▸ **Task prompt**
Since the listing below shows pictures, leave them out and write out exactly the lines from the line with "Two Chinese scroll" to the line with "Using the Overlay", both included, and no others.

▸ **Input records**
------------------------------------------------------------------------

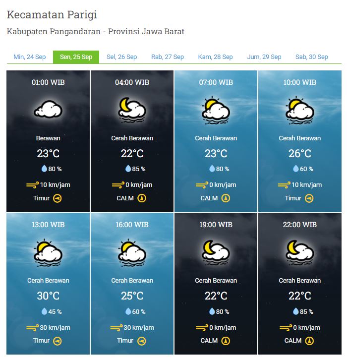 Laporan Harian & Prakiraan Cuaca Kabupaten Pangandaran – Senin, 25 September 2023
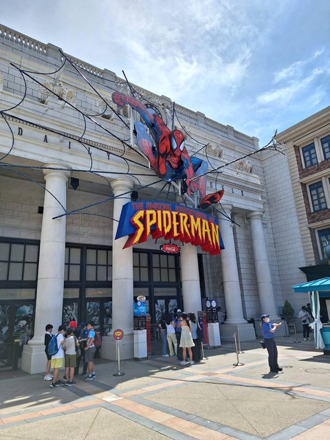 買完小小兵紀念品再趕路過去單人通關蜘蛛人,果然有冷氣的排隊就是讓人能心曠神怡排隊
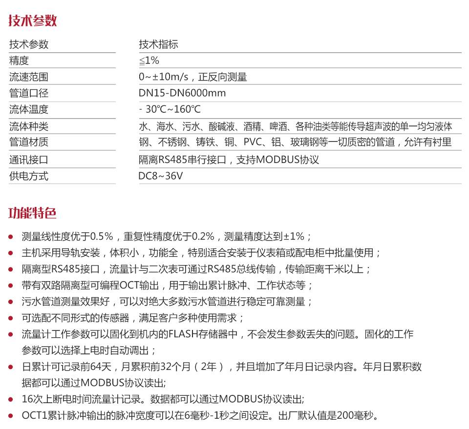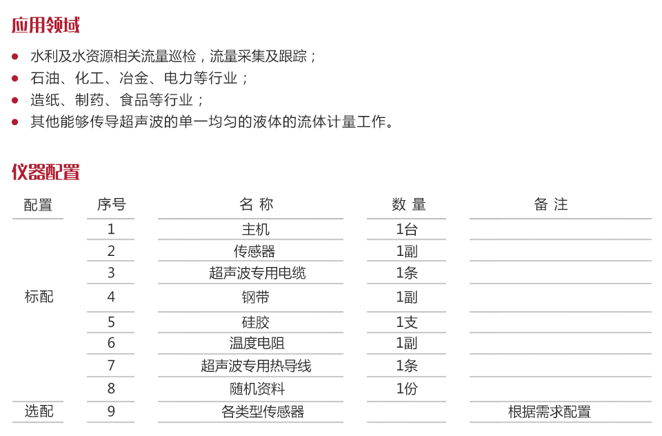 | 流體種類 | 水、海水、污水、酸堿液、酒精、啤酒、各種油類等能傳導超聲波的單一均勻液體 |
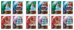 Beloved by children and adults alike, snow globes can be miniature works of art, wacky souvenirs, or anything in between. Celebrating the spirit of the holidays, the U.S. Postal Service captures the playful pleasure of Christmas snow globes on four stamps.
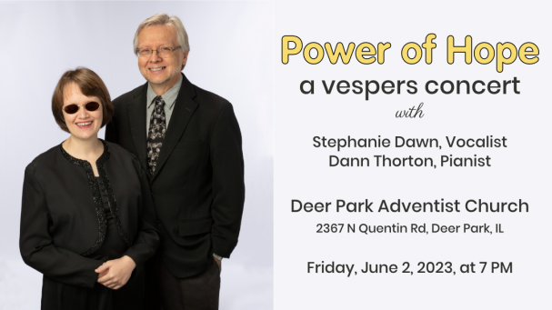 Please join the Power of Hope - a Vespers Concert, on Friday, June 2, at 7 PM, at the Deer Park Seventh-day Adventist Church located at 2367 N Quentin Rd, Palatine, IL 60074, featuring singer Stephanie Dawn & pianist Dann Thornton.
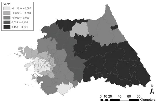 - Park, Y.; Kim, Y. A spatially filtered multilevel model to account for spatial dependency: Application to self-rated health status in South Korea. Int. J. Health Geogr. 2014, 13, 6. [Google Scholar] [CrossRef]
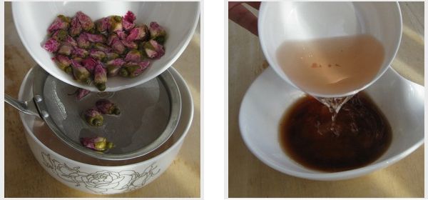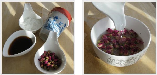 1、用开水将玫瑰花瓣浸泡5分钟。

------------------------------------------------------------------------

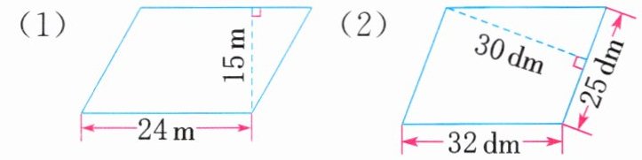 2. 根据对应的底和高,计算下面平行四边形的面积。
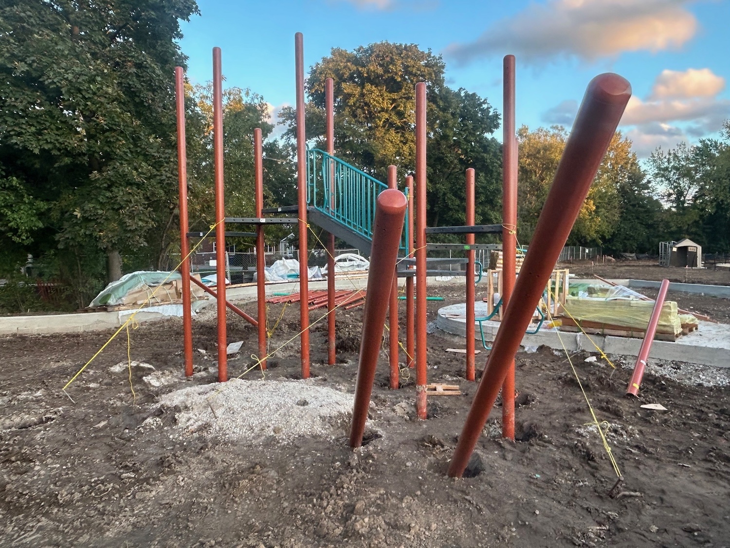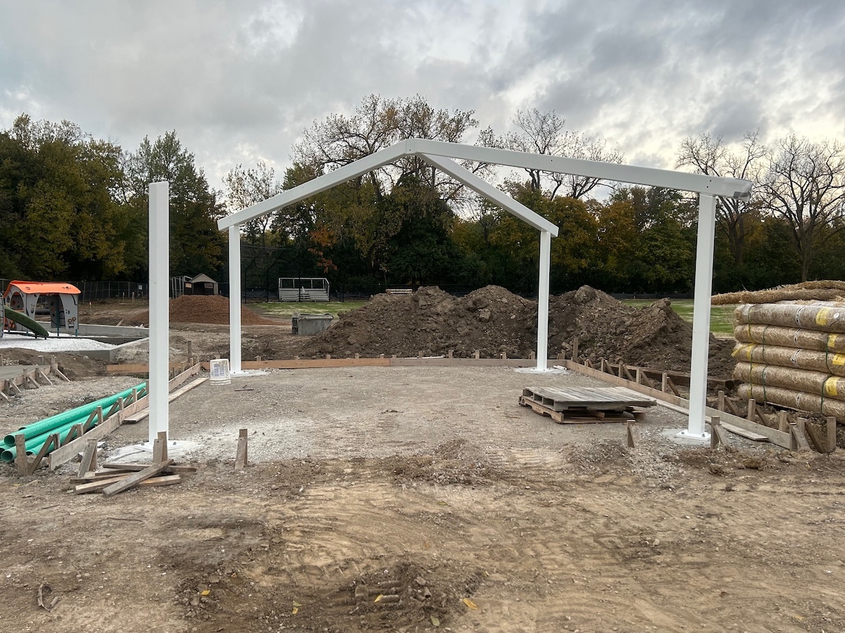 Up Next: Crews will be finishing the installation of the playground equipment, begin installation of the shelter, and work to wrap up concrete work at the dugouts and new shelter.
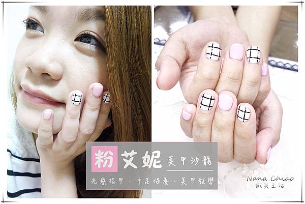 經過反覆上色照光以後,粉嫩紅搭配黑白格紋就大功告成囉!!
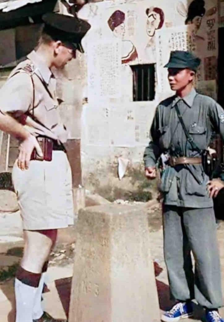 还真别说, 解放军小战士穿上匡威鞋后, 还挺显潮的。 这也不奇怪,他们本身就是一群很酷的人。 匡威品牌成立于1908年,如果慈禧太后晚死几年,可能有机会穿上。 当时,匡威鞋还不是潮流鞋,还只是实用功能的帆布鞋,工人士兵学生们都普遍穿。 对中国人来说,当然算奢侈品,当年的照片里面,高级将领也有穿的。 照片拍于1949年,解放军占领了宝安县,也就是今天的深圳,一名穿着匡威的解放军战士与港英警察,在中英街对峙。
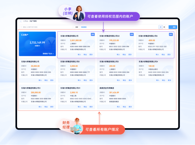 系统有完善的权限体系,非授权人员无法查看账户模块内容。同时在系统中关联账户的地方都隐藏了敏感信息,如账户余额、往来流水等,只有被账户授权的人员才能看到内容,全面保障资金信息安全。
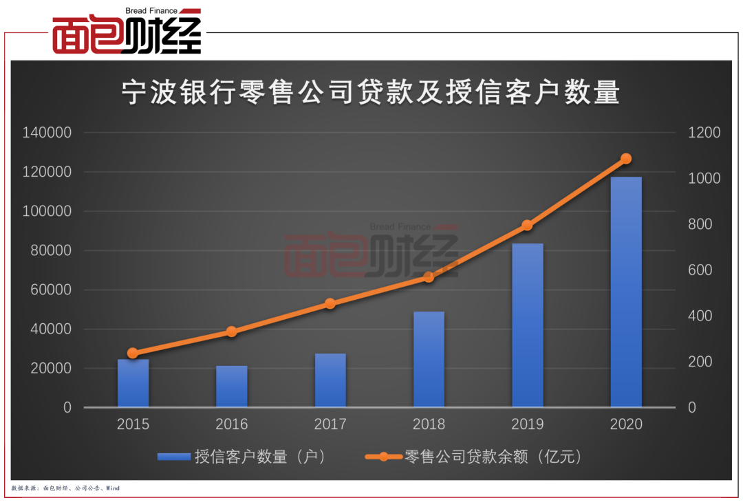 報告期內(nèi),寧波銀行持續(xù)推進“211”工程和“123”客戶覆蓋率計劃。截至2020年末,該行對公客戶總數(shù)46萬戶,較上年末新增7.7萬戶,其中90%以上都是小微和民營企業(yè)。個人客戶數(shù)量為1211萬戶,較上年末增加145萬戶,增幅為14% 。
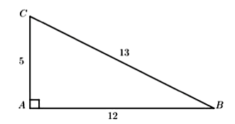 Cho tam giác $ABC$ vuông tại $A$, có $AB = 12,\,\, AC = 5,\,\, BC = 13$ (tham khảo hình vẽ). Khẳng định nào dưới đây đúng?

------------------------------------------------------------------------

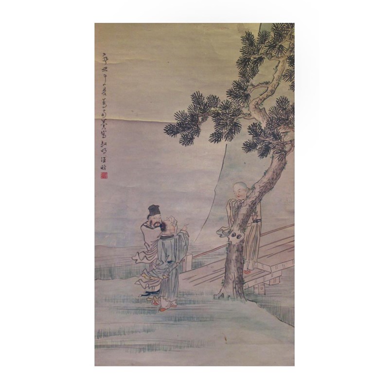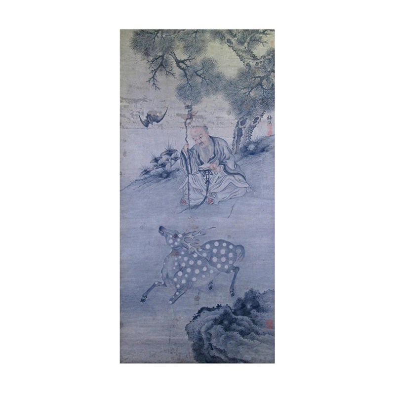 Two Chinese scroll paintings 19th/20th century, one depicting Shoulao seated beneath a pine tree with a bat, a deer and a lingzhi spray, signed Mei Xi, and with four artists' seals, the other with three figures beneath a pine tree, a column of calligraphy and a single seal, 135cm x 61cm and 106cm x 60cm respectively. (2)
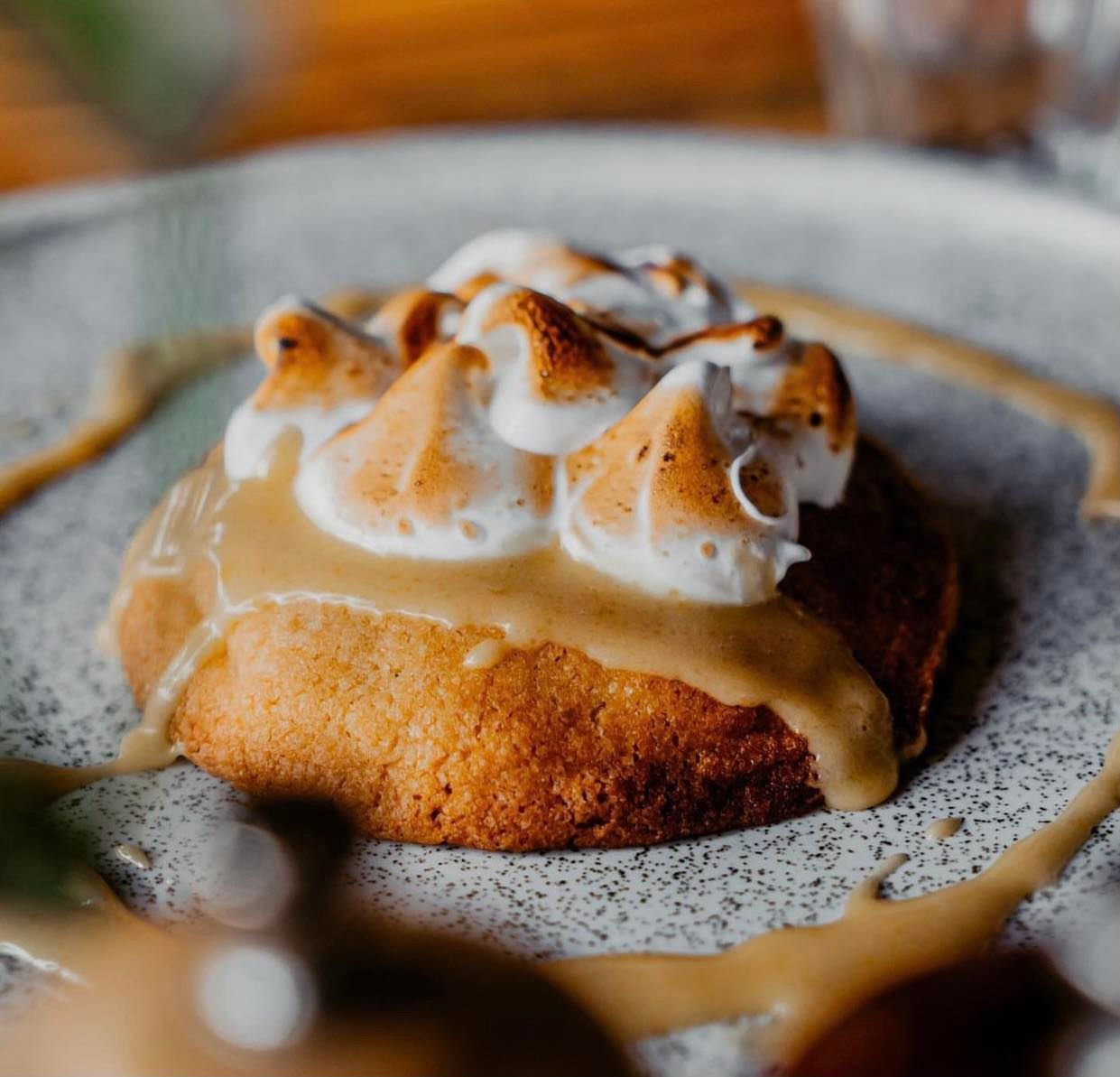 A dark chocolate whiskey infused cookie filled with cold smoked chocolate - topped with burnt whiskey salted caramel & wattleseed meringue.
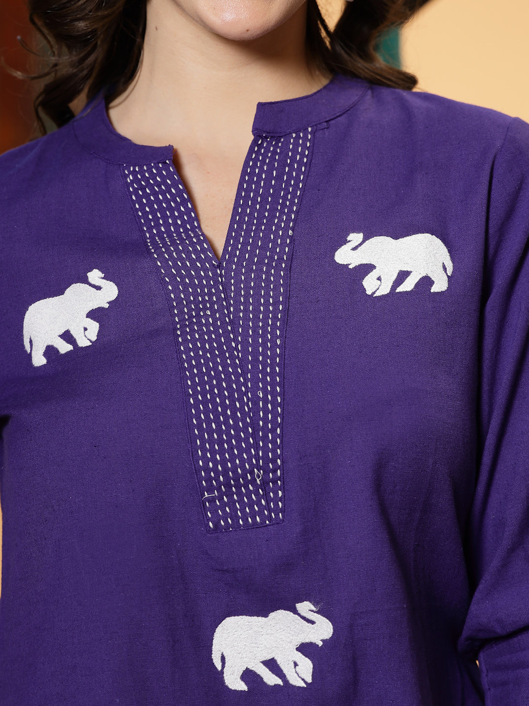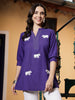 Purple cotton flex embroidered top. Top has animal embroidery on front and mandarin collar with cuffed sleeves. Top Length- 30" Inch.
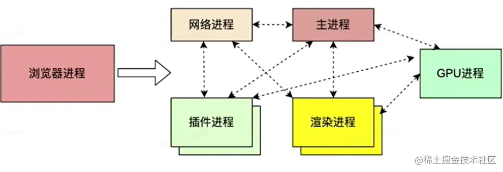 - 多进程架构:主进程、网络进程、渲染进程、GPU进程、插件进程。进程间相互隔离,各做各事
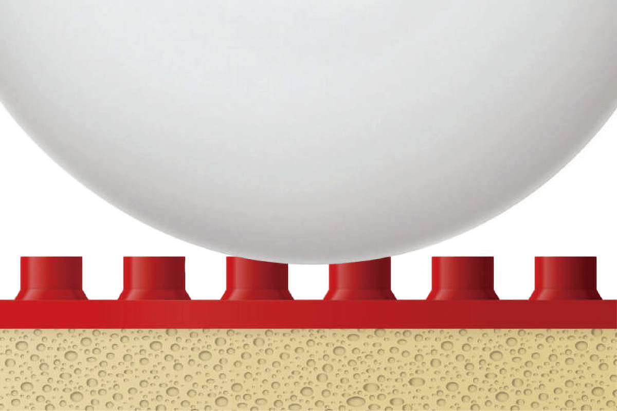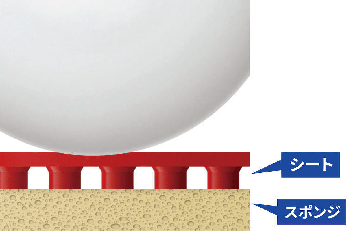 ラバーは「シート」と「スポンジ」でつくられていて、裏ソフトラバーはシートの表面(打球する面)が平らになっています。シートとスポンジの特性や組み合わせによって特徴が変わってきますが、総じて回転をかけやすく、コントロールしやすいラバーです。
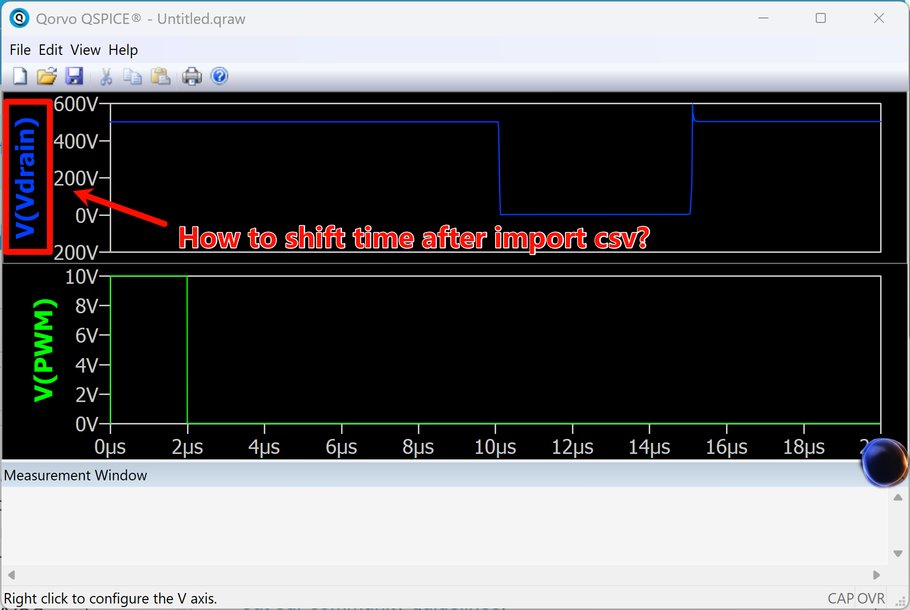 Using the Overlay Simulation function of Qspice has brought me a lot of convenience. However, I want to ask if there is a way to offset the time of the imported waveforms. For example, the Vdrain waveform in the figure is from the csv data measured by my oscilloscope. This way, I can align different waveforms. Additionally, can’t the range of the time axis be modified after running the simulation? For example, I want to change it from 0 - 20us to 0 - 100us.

------------------------------------------------------------------------

▸ **Written solution**
 Two Chinese scroll paintings 19th/20th century, one depicting Shoulao seated beneath a pine tree with a bat, a deer and a lingzhi spray, signed Mei Xi, and with four artists' seals, the other with three figures beneath a pine tree, a column of calligraphy and a single seal, 135cm x 61cm and 106cm x 60cm respectively. (2)
 A dark chocolate whiskey infused cookie filled with cold smoked chocolate - topped with burnt whiskey salted caramel & wattleseed meringue.
 Purple cotton flex embroidered top. Top has animal embroidery on front and mandarin collar with cuffed sleeves. Top Length- 30" Inch.
 - 多进程架构:主进程、网络进程、渲染进程、GPU进程、插件进程。进程间相互隔离,各做各事
 ラバーは「シート」と「スポンジ」でつくられていて、裏ソフトラバーはシートの表面(打球する面)が平らになっています。シートとスポンジの特性や組み合わせによって特徴が変わってきますが、総じて回転をかけやすく、コントロールしやすいラバーです。
 Using the Overlay Simulation function of Qspice has brought me a lot of convenience. However, I want to ask if there is a way to offset the time of the imported waveforms. For example, the Vdrain waveform in the figure is from the csv data measured by my oscilloscope. This way, I can align different waveforms. Additionally, can’t the range of the time axis be modified after running the simulation? For example, I want to change it from 0 - 20us to 0 - 100us.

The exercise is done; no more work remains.